The production ship will have capacity to produce 200,000 b/d of oil, to process 15-16 million cu m/day of gas, and to store 150,000 cu m of oil. It will be 276 m long and 45.4 m wide and have a draft of 26.6 m.

The oil production ship is to leave Aker's Stord yard at the end of May 1998 and be ready for oil production in early August 1998.

Statoil has said the production semisubmersible will have capacity to produce 36 million cu m/day of gas, 11,000 cu m/day of oil, and 14,000 cu m/day of condensate.

Design work on the semisubmersible will continue until April 1997. The production semisubmersible is scheduled to be ready for production in October 2000.

Besides two innovative production vessels, Statoil has also decided to build a unique vessel for well completion and intervention services because of the high number of subsea wellheads planned for Aasgard.

Statoil plans construction of a small waterplane area twin-hull (Swath) vessel, an innovative alternative to semisubmersible rigs for many well operations.
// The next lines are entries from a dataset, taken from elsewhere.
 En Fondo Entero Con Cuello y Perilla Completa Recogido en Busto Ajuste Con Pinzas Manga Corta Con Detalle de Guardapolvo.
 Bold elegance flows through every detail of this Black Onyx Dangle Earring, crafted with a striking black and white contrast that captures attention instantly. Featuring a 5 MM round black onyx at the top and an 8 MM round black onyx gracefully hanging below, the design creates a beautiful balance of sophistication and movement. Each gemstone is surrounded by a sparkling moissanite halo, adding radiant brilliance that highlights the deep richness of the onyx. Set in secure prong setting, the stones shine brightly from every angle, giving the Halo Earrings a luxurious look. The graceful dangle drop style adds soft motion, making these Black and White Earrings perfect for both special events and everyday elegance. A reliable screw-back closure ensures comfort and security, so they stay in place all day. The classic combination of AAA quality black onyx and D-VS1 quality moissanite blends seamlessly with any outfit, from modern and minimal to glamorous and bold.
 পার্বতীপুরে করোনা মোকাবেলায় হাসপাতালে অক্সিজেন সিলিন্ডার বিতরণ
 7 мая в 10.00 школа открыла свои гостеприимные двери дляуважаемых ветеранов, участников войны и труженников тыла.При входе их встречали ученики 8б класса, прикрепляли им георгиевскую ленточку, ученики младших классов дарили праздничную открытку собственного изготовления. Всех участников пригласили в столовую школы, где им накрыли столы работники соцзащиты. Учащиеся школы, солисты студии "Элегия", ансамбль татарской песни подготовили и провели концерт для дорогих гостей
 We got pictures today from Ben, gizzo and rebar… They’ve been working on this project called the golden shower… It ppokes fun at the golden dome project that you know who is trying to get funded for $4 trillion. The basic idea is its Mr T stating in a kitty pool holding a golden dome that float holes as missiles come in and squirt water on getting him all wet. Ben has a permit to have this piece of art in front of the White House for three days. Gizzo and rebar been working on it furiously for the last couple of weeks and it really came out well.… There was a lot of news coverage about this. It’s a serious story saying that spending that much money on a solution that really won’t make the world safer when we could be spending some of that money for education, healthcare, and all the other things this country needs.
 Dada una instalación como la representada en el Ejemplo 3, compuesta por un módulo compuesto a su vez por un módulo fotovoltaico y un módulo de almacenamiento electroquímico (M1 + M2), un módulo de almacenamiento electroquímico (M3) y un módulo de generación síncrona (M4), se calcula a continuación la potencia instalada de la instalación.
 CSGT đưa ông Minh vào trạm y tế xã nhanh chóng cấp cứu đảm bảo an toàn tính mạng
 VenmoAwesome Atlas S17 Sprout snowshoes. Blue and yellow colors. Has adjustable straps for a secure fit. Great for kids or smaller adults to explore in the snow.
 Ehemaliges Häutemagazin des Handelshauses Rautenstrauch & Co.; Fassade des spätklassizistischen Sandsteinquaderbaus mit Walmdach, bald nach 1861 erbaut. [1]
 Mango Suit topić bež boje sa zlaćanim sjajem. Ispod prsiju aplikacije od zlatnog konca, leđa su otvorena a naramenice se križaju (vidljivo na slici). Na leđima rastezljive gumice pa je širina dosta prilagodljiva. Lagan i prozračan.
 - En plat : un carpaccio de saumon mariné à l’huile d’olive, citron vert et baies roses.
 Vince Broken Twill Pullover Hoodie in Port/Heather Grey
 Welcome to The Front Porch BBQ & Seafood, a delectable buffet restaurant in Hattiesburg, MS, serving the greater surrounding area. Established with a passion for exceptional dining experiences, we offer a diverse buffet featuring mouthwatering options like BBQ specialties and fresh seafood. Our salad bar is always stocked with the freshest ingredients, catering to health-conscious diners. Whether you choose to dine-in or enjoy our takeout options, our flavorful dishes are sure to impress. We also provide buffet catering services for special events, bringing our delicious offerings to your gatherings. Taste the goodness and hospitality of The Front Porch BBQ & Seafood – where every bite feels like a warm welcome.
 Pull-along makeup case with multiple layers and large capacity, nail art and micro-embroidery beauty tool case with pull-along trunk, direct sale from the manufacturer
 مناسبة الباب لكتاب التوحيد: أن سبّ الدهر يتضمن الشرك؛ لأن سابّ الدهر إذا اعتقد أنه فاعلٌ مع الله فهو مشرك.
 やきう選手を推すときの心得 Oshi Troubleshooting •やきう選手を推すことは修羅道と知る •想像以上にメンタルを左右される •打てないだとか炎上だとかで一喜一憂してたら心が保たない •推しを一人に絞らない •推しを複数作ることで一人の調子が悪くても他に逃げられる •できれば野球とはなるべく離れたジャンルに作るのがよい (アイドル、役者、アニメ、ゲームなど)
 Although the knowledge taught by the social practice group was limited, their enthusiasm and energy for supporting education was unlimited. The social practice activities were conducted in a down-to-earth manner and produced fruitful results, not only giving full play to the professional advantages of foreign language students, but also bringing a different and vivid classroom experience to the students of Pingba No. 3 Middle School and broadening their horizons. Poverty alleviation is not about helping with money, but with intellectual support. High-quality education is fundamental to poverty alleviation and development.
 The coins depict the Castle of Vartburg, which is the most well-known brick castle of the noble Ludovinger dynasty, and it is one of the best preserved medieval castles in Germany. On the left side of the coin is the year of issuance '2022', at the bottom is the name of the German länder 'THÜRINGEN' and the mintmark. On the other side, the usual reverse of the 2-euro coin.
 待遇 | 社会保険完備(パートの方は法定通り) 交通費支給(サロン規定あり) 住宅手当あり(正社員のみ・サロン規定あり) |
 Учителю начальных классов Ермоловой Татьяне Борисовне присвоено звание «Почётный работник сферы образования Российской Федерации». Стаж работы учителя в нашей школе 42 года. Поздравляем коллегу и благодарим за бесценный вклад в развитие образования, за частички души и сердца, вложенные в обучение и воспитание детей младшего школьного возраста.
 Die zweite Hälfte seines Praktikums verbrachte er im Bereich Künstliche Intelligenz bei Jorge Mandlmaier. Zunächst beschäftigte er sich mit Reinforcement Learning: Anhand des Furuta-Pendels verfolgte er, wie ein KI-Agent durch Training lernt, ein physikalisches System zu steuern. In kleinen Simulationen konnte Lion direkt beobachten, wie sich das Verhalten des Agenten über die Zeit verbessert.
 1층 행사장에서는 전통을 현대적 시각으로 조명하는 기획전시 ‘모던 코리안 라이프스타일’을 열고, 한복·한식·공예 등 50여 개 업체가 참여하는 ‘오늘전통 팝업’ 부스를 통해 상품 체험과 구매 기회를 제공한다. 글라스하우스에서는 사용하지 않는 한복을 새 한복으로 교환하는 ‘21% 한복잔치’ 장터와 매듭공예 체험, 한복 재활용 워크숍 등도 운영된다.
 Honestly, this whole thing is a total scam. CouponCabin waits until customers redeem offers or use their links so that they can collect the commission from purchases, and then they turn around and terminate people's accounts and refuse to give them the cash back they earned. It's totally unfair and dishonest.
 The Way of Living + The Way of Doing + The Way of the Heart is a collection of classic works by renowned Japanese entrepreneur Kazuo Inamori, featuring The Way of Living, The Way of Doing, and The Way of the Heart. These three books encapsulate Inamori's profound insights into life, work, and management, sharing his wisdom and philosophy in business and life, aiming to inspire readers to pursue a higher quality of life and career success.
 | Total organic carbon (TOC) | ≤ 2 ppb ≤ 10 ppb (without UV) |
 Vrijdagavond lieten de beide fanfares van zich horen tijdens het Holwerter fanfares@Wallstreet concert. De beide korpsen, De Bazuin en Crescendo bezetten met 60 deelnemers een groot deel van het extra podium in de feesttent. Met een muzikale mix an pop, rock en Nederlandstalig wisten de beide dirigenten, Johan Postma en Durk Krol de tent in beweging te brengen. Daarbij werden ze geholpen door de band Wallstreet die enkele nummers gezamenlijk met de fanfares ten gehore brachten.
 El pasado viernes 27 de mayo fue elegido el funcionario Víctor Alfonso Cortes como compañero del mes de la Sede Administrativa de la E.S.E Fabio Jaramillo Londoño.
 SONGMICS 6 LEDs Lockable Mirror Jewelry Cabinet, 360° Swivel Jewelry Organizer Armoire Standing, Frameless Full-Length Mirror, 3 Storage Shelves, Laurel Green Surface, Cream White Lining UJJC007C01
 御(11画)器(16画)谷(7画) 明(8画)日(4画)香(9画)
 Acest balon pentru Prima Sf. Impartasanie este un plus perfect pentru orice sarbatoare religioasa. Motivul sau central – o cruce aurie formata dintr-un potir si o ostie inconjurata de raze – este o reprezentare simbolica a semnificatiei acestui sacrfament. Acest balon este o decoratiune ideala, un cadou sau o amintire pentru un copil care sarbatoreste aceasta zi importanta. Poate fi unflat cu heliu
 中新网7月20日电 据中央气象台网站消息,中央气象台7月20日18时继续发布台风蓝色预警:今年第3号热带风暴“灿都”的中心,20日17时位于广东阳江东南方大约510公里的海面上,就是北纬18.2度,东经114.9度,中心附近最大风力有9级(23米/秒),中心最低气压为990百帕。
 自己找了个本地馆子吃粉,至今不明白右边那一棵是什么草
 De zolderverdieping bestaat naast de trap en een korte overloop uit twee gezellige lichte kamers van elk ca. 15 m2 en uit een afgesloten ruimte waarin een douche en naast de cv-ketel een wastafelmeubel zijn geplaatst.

Smedvig AS of Stavanger will own and operate the Swath vessel, which is said to have stability and seakeeping and load-handling capabilities similar to those of a semisubmersible rig but to be more mobile.

The Swath concept is the result of Statoil's efforts to develop a cost-effective technique for deepwater workovers and completions. The company has recently sanctioned field developments involving a total of about 100 subsea wellheads, including 60 for Aasgard.

Statoil's idea to cut well workover and completion costs in Aasgard is to build a relatively fast, dynamically positioned vessel specifically designed for the job. The main savings will come through the shorter time required to move and position the rig between operations.

The company estimates that the Swath vessel will be able to perform well completions 36% cheaper and workovers 50% cheaper than those done from an anchored semisubmersible.

Swath model testing was completed in January at the Danish Marine Institute in Copenhagen. A full-size, 10,000 dwt unit would be 122 m long with a 2,600 sq m deck space. Sailing speed would be 13-14 knots.